● **Exercise requirements**
For this item, repeat the material exactly while omitting its pictures.

[Opening Data shown section]

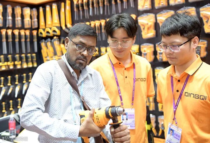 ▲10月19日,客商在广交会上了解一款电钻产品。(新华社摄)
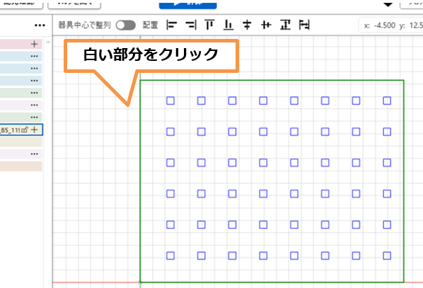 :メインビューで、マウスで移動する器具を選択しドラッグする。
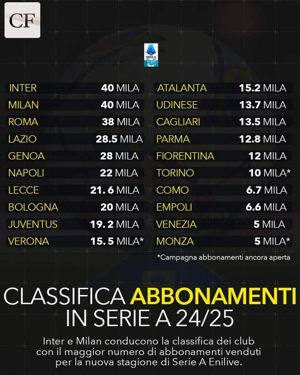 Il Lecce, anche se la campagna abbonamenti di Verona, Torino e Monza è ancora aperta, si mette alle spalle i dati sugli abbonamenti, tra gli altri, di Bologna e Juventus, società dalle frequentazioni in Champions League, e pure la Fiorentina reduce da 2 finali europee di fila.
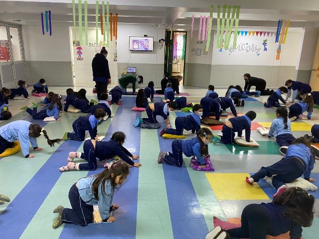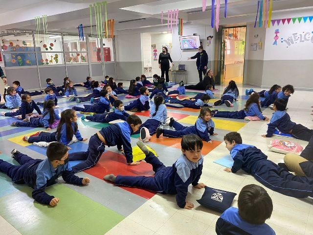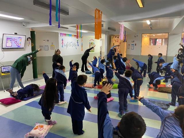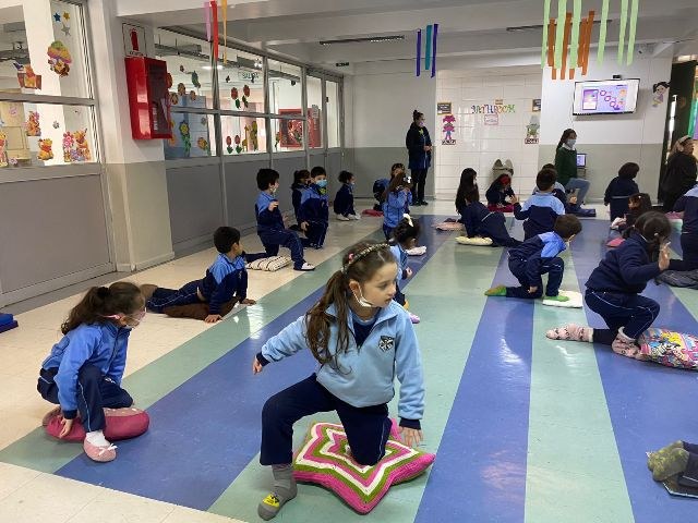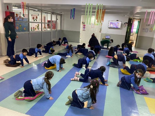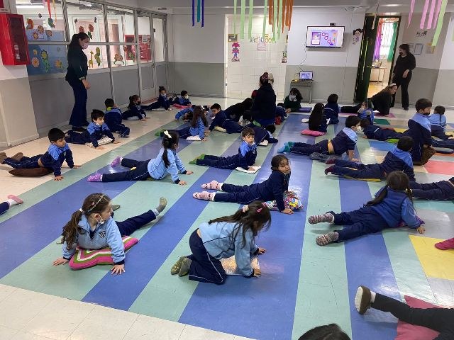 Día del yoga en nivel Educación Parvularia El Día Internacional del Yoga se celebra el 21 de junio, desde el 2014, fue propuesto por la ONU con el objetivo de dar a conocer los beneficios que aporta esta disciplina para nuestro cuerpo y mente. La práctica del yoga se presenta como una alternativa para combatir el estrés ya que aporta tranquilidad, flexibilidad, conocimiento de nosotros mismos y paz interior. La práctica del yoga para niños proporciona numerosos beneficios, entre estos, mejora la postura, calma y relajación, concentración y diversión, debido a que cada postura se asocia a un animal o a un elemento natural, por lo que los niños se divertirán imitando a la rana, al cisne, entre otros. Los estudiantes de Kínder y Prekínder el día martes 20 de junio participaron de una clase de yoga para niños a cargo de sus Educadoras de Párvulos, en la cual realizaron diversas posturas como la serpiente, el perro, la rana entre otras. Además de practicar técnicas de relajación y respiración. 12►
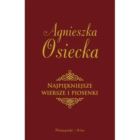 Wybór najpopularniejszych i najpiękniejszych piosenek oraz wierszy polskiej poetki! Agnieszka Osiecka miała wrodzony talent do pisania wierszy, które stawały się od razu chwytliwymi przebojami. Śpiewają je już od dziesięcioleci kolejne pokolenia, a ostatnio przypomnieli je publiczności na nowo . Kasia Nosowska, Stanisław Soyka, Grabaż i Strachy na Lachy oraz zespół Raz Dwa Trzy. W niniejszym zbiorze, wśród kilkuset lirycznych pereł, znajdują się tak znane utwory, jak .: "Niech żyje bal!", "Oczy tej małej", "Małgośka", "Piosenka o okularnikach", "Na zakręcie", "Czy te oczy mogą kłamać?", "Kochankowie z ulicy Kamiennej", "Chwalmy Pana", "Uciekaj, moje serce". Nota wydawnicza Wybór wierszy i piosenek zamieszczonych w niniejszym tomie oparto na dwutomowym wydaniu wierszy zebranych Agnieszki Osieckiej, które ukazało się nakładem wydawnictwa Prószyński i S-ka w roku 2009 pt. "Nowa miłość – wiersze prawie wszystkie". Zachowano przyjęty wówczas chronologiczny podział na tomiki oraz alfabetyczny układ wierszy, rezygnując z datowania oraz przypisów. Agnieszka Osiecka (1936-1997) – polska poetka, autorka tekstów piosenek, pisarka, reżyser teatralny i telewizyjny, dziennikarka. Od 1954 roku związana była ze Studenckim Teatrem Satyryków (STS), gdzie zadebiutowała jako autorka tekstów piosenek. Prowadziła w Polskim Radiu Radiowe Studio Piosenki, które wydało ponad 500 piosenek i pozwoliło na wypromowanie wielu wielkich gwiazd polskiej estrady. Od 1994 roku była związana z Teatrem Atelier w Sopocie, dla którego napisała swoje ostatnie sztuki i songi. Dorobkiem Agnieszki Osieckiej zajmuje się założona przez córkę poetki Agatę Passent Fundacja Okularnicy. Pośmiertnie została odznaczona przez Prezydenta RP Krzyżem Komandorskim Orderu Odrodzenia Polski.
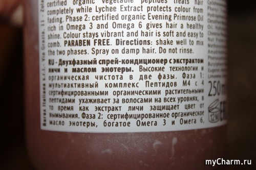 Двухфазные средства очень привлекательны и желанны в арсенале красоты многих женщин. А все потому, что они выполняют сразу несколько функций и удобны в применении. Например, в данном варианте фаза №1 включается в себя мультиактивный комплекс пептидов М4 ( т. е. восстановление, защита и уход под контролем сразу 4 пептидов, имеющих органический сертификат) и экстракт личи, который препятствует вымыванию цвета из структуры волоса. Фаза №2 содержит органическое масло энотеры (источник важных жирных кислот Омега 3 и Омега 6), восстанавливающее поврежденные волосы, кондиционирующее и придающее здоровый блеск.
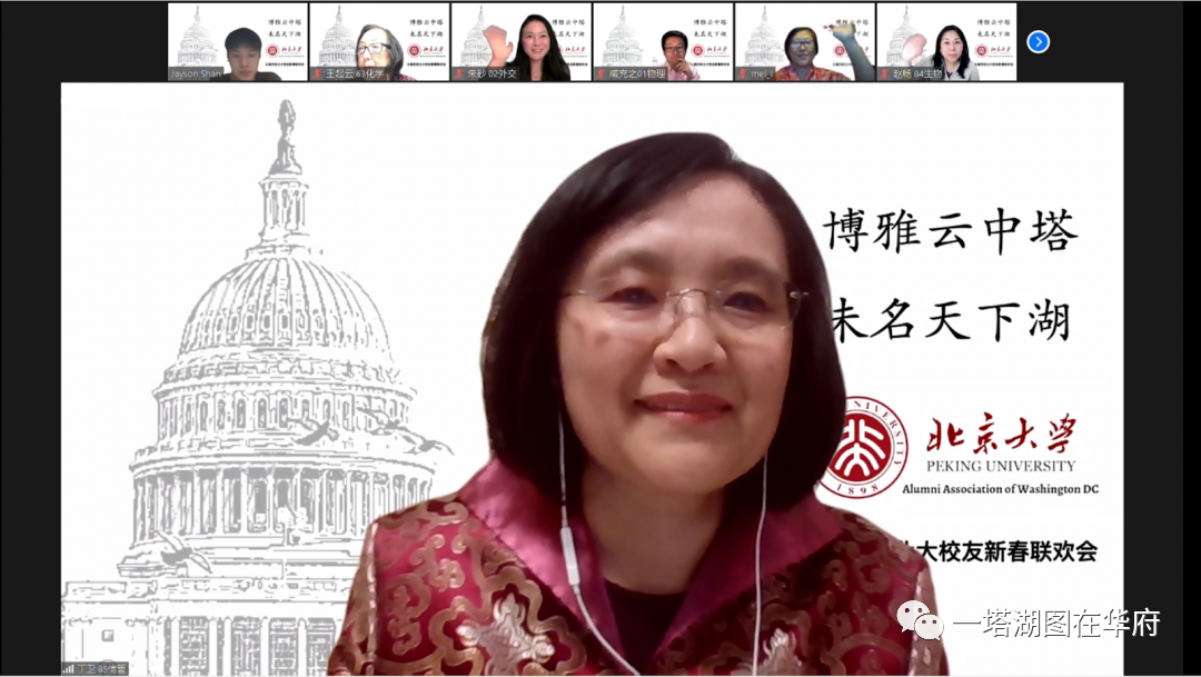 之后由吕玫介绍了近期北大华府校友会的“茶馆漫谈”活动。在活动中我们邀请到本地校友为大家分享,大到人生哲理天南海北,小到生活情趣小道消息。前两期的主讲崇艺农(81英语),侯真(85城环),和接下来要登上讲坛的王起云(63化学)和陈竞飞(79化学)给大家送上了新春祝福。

[Closing Data shown section]

● **Written answer**
 ▲10月19日,客商在广交会上了解一款电钻产品。(新华社摄)
 :メインビューで、マウスで移動する器具を選択しドラッグする。
 Il Lecce, anche se la campagna abbonamenti di Verona, Torino e Monza è ancora aperta, si mette alle spalle i dati sugli abbonamenti, tra gli altri, di Bologna e Juventus, società dalle frequentazioni in Champions League, e pure la Fiorentina reduce da 2 finali europee di fila.
 Día del yoga en nivel Educación Parvularia El Día Internacional del Yoga se celebra el 21 de junio, desde el 2014, fue propuesto por la ONU con el objetivo de dar a conocer los beneficios que aporta esta disciplina para nuestro cuerpo y mente. La práctica del yoga se presenta como una alternativa para combatir el estrés ya que aporta tranquilidad, flexibilidad, conocimiento de nosotros mismos y paz interior. La práctica del yoga para niños proporciona numerosos beneficios, entre estos, mejora la postura, calma y relajación, concentración y diversión, debido a que cada postura se asocia a un animal o a un elemento natural, por lo que los niños se divertirán imitando a la rana, al cisne, entre otros. Los estudiantes de Kínder y Prekínder el día martes 20 de junio participaron de una clase de yoga para niños a cargo de sus Educadoras de Párvulos, en la cual realizaron diversas posturas como la serpiente, el perro, la rana entre otras. Además de practicar técnicas de relajación y respiración. 12►
 Wybór najpopularniejszych i najpiękniejszych piosenek oraz wierszy polskiej poetki! Agnieszka Osiecka miała wrodzony talent do pisania wierszy, które stawały się od razu chwytliwymi przebojami. Śpiewają je już od dziesięcioleci kolejne pokolenia, a ostatnio przypomnieli je publiczności na nowo . Kasia Nosowska, Stanisław Soyka, Grabaż i Strachy na Lachy oraz zespół Raz Dwa Trzy. W niniejszym zbiorze, wśród kilkuset lirycznych pereł, znajdują się tak znane utwory, jak .: "Niech żyje bal!", "Oczy tej małej", "Małgośka", "Piosenka o okularnikach", "Na zakręcie", "Czy te oczy mogą kłamać?", "Kochankowie z ulicy Kamiennej", "Chwalmy Pana", "Uciekaj, moje serce". Nota wydawnicza Wybór wierszy i piosenek zamieszczonych w niniejszym tomie oparto na dwutomowym wydaniu wierszy zebranych Agnieszki Osieckiej, które ukazało się nakładem wydawnictwa Prószyński i S-ka w roku 2009 pt. "Nowa miłość – wiersze prawie wszystkie". Zachowano przyjęty wówczas chronologiczny podział na tomiki oraz alfabetyczny układ wierszy, rezygnując z datowania oraz przypisów. Agnieszka Osiecka (1936-1997) – polska poetka, autorka tekstów piosenek, pisarka, reżyser teatralny i telewizyjny, dziennikarka. Od 1954 roku związana była ze Studenckim Teatrem Satyryków (STS), gdzie zadebiutowała jako autorka tekstów piosenek. Prowadziła w Polskim Radiu Radiowe Studio Piosenki, które wydało ponad 500 piosenek i pozwoliło na wypromowanie wielu wielkich gwiazd polskiej estrady. Od 1994 roku była związana z Teatrem Atelier w Sopocie, dla którego napisała swoje ostatnie sztuki i songi. Dorobkiem Agnieszki Osieckiej zajmuje się założona przez córkę poetki Agatę Passent Fundacja Okularnicy. Pośmiertnie została odznaczona przez Prezydenta RP Krzyżem Komandorskim Orderu Odrodzenia Polski.
 Двухфазные средства очень привлекательны и желанны в арсенале красоты многих женщин. А все потому, что они выполняют сразу несколько функций и удобны в применении. Например, в данном варианте фаза №1 включается в себя мультиактивный комплекс пептидов М4 ( т. е. восстановление, защита и уход под контролем сразу 4 пептидов, имеющих органический сертификат) и экстракт личи, который препятствует вымыванию цвета из структуры волоса. Фаза №2 содержит органическое масло энотеры (источник важных жирных кислот Омега 3 и Омега 6), восстанавливающее поврежденные волосы, кондиционирующее и придающее здоровый блеск.
 之后由吕玫介绍了近期北大华府校友会的“茶馆漫谈”活动。在活动中我们邀请到本地校友为大家分享,大到人生哲理天南海北,小到生活情趣小道消息。前两期的主讲崇艺农(81英语),侯真(85城环),和接下来要登上讲坛的王起云(63化学)和陈竞飞(79化学)给大家送上了新春祝福。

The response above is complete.